◆ **Data for this exercise**:
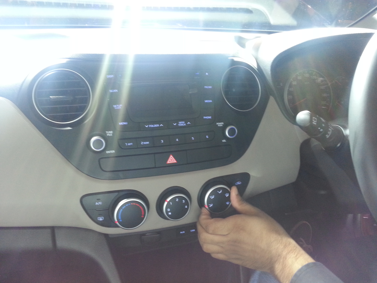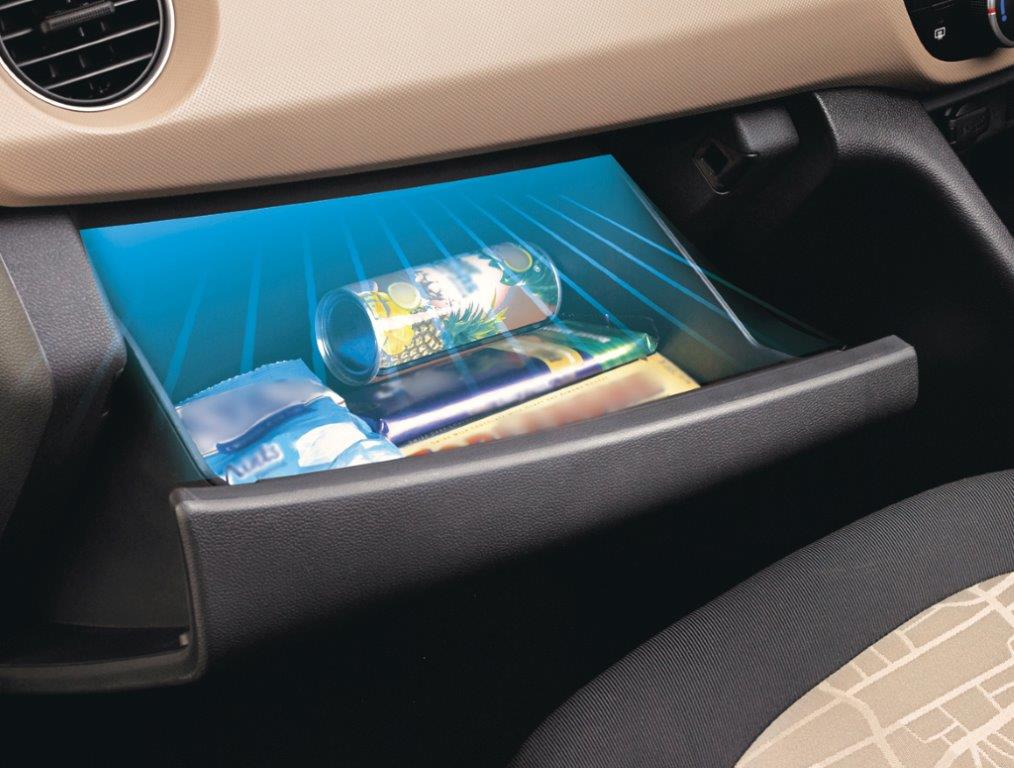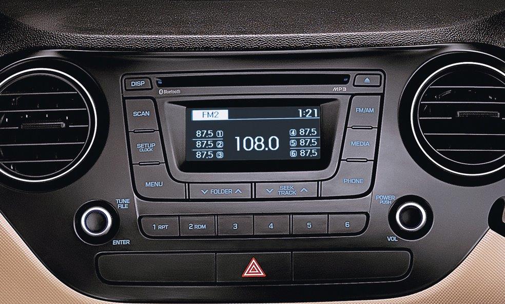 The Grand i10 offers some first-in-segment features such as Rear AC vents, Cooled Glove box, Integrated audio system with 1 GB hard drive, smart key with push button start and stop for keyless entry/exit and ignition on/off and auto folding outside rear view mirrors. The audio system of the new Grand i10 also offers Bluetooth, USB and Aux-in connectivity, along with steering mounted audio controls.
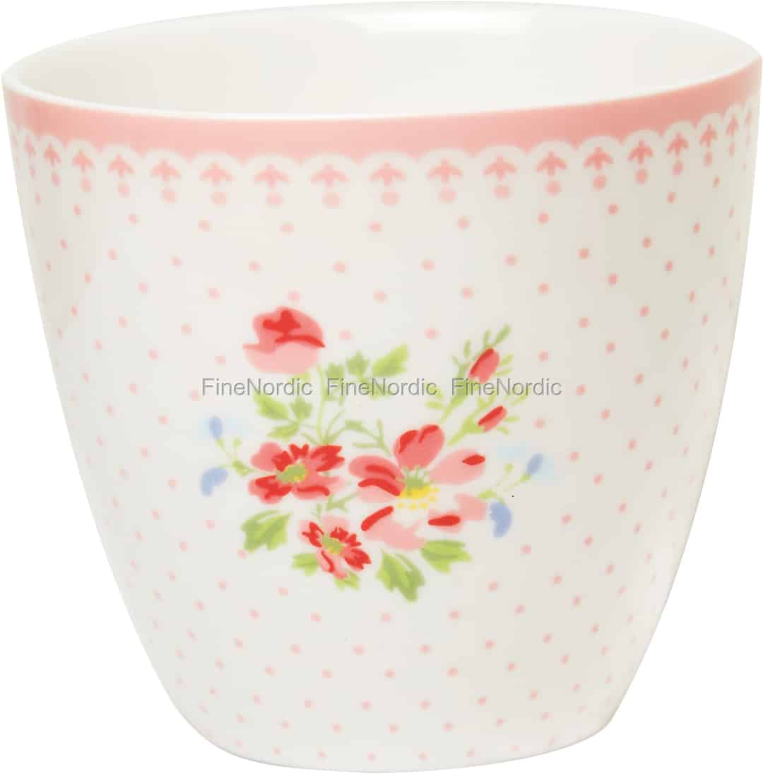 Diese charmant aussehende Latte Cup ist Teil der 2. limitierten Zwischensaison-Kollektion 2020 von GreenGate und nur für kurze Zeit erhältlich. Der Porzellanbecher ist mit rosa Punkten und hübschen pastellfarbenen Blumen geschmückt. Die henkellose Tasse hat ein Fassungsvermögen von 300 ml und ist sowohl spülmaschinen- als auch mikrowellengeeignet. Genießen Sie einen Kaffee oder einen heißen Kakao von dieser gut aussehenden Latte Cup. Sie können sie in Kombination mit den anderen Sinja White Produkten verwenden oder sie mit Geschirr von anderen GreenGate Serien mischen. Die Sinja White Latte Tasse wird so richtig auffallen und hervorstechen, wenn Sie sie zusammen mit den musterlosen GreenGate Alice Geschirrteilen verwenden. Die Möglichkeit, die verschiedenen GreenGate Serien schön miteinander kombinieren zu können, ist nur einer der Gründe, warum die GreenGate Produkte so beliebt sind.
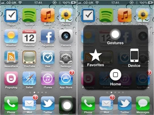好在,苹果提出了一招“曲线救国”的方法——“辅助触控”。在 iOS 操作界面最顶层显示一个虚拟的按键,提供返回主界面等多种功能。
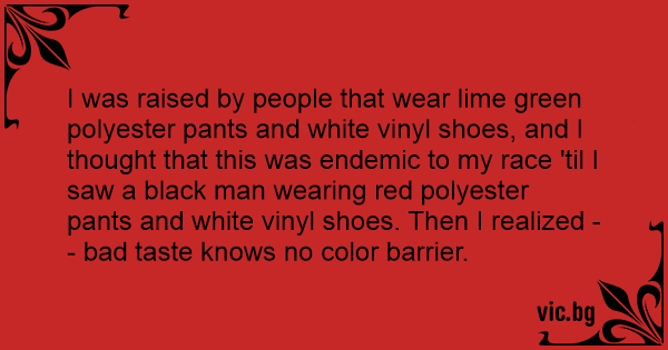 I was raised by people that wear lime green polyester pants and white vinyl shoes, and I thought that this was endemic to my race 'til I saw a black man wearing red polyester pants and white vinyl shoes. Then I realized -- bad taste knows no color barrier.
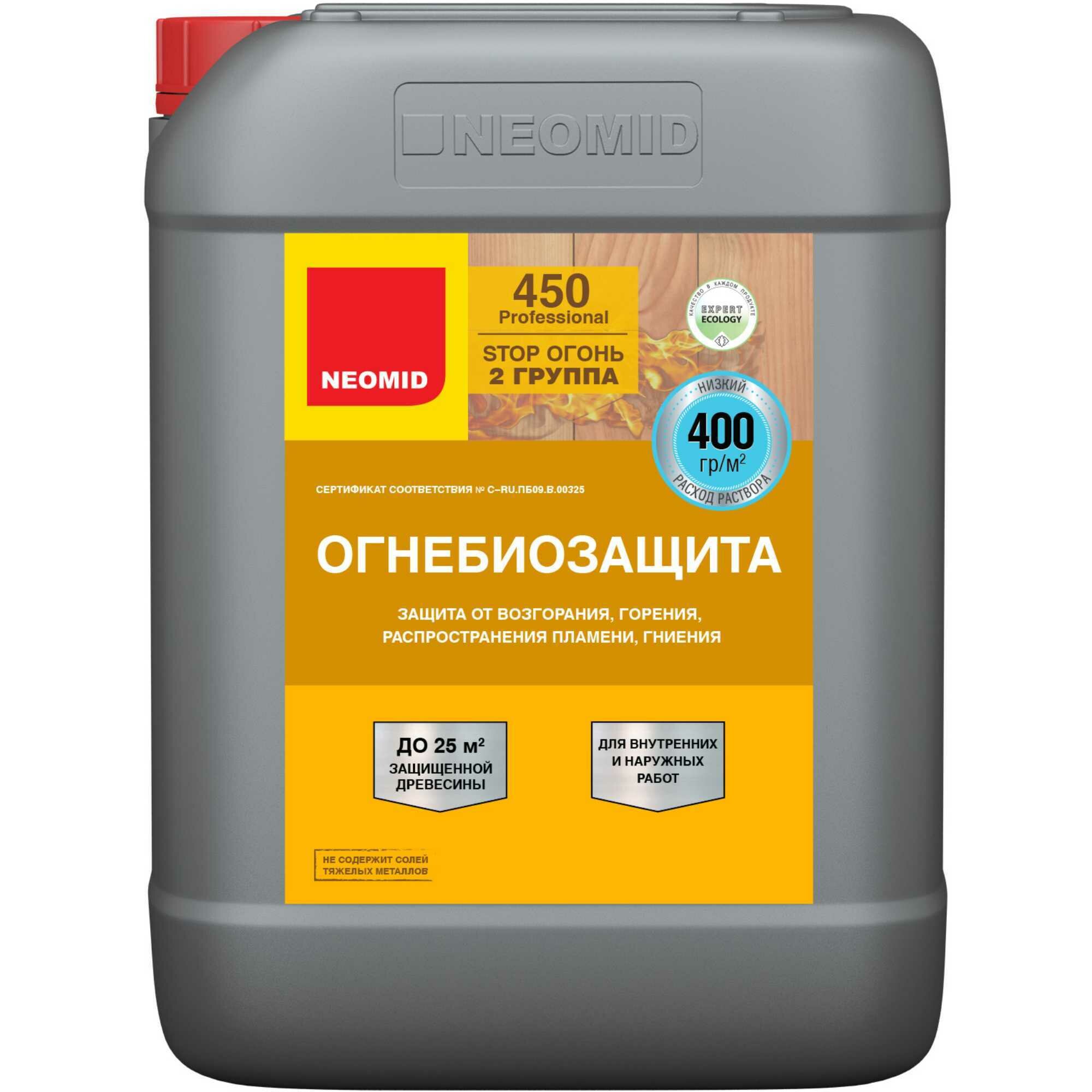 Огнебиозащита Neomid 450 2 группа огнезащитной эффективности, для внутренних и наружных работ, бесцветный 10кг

◆ **Task to complete**:
Word for word, reproduce all of the data, but keep out the pictures.

◆ **Written reply**:
 The Grand i10 offers some first-in-segment features such as Rear AC vents, Cooled Glove box, Integrated audio system with 1 GB hard drive, smart key with push button start and stop for keyless entry/exit and ignition on/off and auto folding outside rear view mirrors. The audio system of the new Grand i10 also offers Bluetooth, USB and Aux-in connectivity, along with steering mounted audio controls.
 Diese charmant aussehende Latte Cup ist Teil der 2. limitierten Zwischensaison-Kollektion 2020 von GreenGate und nur für kurze Zeit erhältlich. Der Porzellanbecher ist mit rosa Punkten und hübschen pastellfarbenen Blumen geschmückt. Die henkellose Tasse hat ein Fassungsvermögen von 300 ml und ist sowohl spülmaschinen- als auch mikrowellengeeignet. Genießen Sie einen Kaffee oder einen heißen Kakao von dieser gut aussehenden Latte Cup. Sie können sie in Kombination mit den anderen Sinja White Produkten verwenden oder sie mit Geschirr von anderen GreenGate Serien mischen. Die Sinja White Latte Tasse wird so richtig auffallen und hervorstechen, wenn Sie sie zusammen mit den musterlosen GreenGate Alice Geschirrteilen verwenden. Die Möglichkeit, die verschiedenen GreenGate Serien schön miteinander kombinieren zu können, ist nur einer der Gründe, warum die GreenGate Produkte so beliebt sind.
好在,苹果提出了一招“曲线救国”的方法——“辅助触控”。在 iOS 操作界面最顶层显示一个虚拟的按键,提供返回主界面等多种功能。
 I was raised by people that wear lime green polyester pants and white vinyl shoes, and I thought that this was endemic to my race 'til I saw a black man wearing red polyester pants and white vinyl shoes. Then I realized -- bad taste knows no color barrier.
 Огнебиозащита Neomid 450 2 группа огнезащитной эффективности, для внутренних и наружных работ, бесцветный 10кг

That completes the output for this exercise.